* **TASK ITEM**
Ignoring every picture, return the lines of the listing below word for word, from the line that holds "Happy family, skiing" through the line that holds "被发现支持游击队的村庄常常被".

* **SUPPLIED RECORDS**
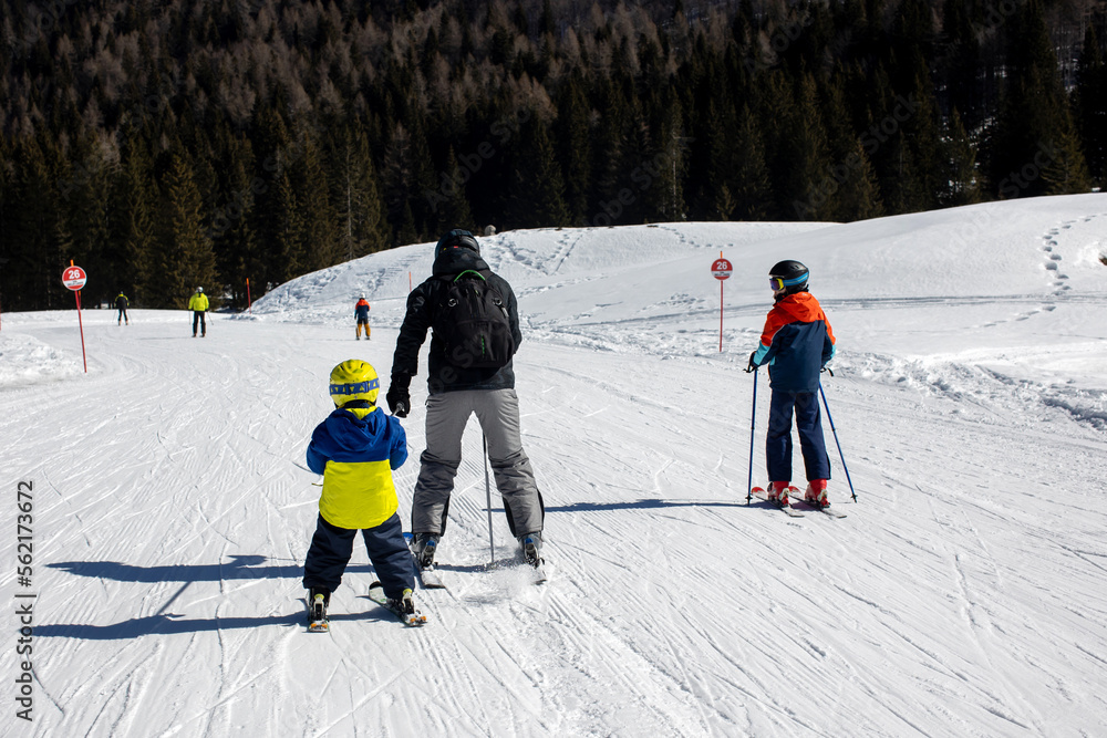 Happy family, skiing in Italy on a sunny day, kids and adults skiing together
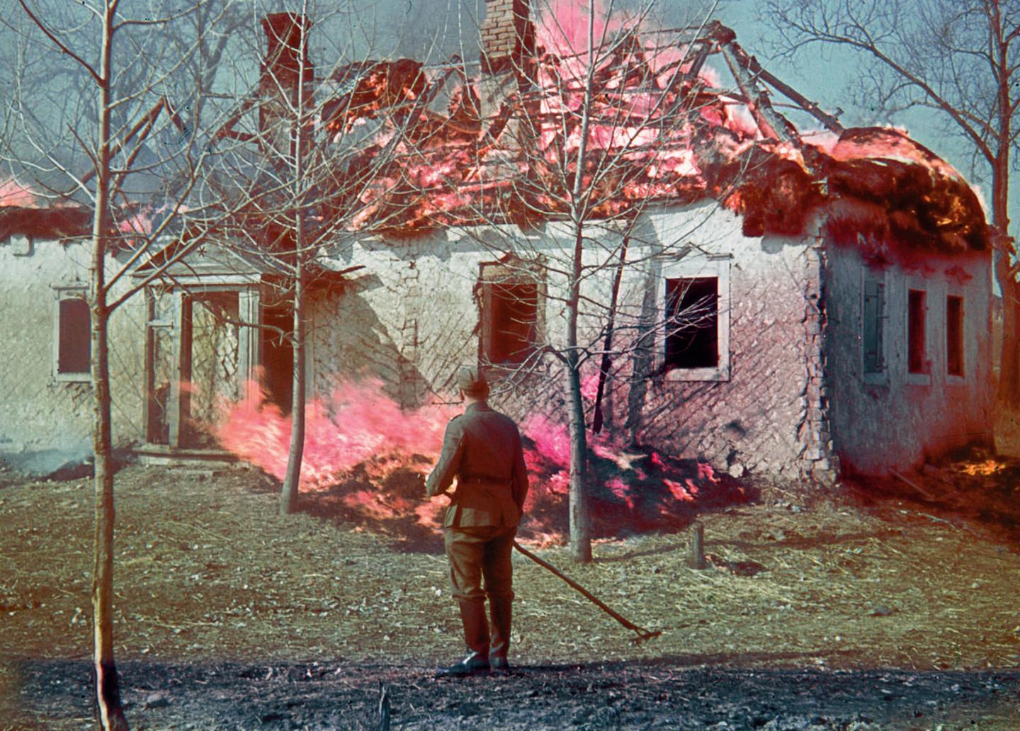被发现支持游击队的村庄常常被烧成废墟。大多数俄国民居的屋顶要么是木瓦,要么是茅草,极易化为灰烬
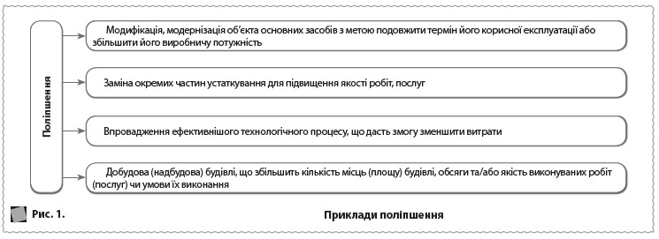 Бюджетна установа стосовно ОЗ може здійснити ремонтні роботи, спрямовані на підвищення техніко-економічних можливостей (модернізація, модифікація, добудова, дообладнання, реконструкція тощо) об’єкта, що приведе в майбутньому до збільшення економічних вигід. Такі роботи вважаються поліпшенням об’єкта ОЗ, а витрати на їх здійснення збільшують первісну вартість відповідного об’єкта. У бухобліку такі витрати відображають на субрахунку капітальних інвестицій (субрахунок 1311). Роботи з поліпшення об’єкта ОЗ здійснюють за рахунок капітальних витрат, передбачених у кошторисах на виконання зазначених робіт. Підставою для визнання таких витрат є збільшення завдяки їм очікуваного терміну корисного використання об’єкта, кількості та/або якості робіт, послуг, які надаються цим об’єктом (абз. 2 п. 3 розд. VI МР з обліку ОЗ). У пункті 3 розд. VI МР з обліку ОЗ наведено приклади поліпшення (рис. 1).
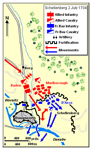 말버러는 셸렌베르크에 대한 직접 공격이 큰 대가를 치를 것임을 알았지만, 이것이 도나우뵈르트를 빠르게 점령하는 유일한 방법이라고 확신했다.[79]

---

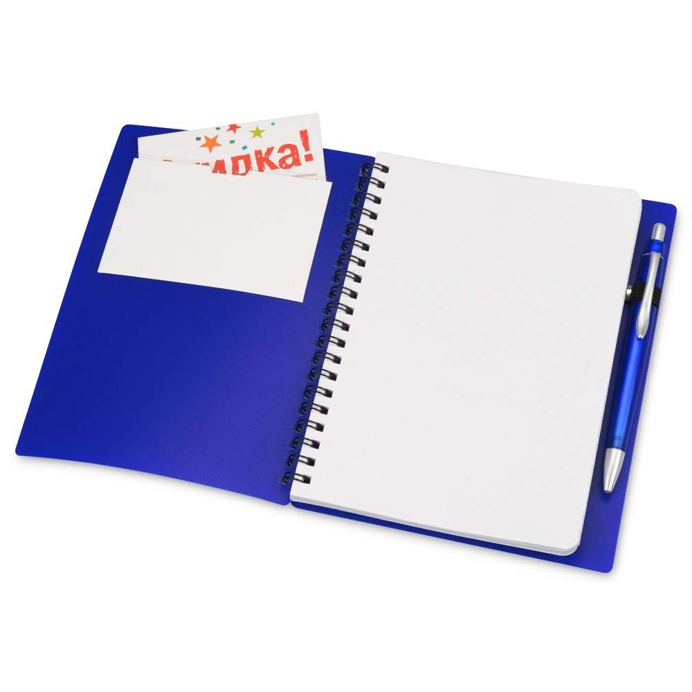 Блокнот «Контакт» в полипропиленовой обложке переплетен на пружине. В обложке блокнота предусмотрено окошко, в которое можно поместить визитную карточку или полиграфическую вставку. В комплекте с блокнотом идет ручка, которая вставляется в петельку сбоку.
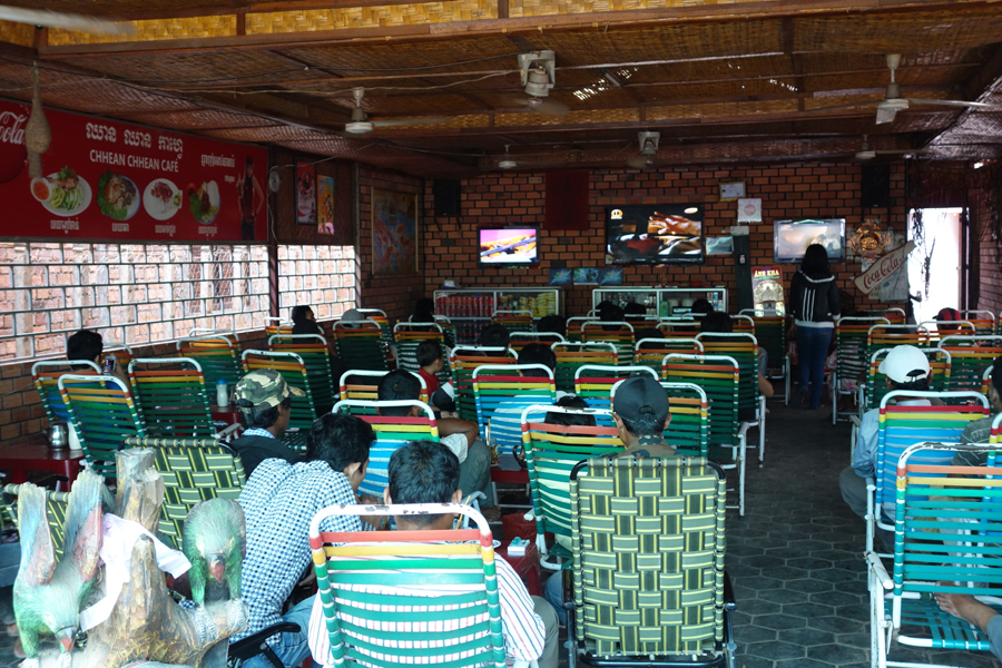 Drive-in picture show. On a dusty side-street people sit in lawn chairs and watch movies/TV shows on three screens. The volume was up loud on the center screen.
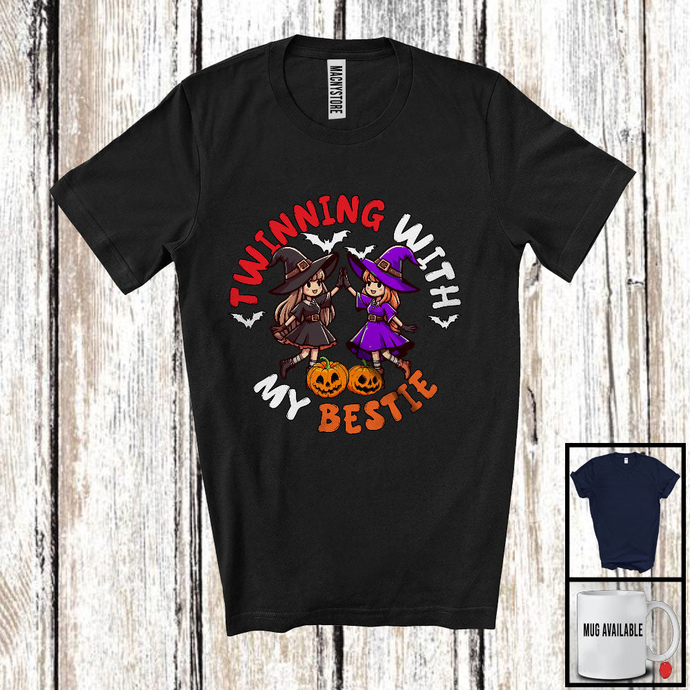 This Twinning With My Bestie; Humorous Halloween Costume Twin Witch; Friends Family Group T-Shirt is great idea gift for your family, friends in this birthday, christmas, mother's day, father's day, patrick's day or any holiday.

...

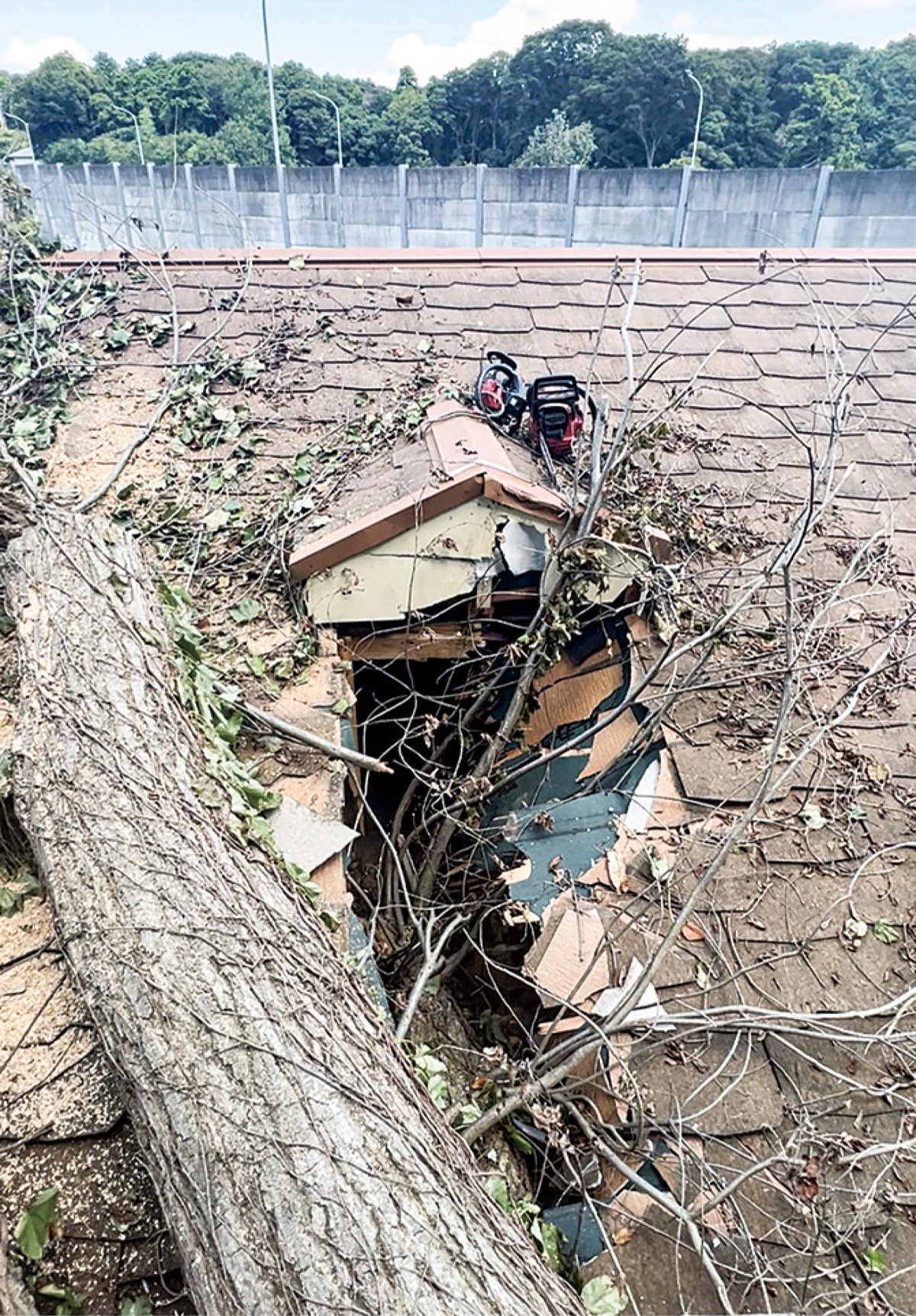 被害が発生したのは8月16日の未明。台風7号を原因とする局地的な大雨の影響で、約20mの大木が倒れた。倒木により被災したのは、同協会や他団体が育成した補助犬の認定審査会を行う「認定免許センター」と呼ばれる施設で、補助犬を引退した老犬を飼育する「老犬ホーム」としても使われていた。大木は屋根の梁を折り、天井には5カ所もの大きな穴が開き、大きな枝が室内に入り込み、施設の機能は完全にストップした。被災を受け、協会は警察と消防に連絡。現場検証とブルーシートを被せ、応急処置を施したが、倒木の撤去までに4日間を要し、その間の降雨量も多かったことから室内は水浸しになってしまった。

* **TASK ANSWER**
 Happy family, skiing in Italy on a sunny day, kids and adults skiing together
被发现支持游击队的村庄常常被烧成废墟。大多数俄国民居的屋顶要么是木瓦,要么是茅草,极易化为灰烬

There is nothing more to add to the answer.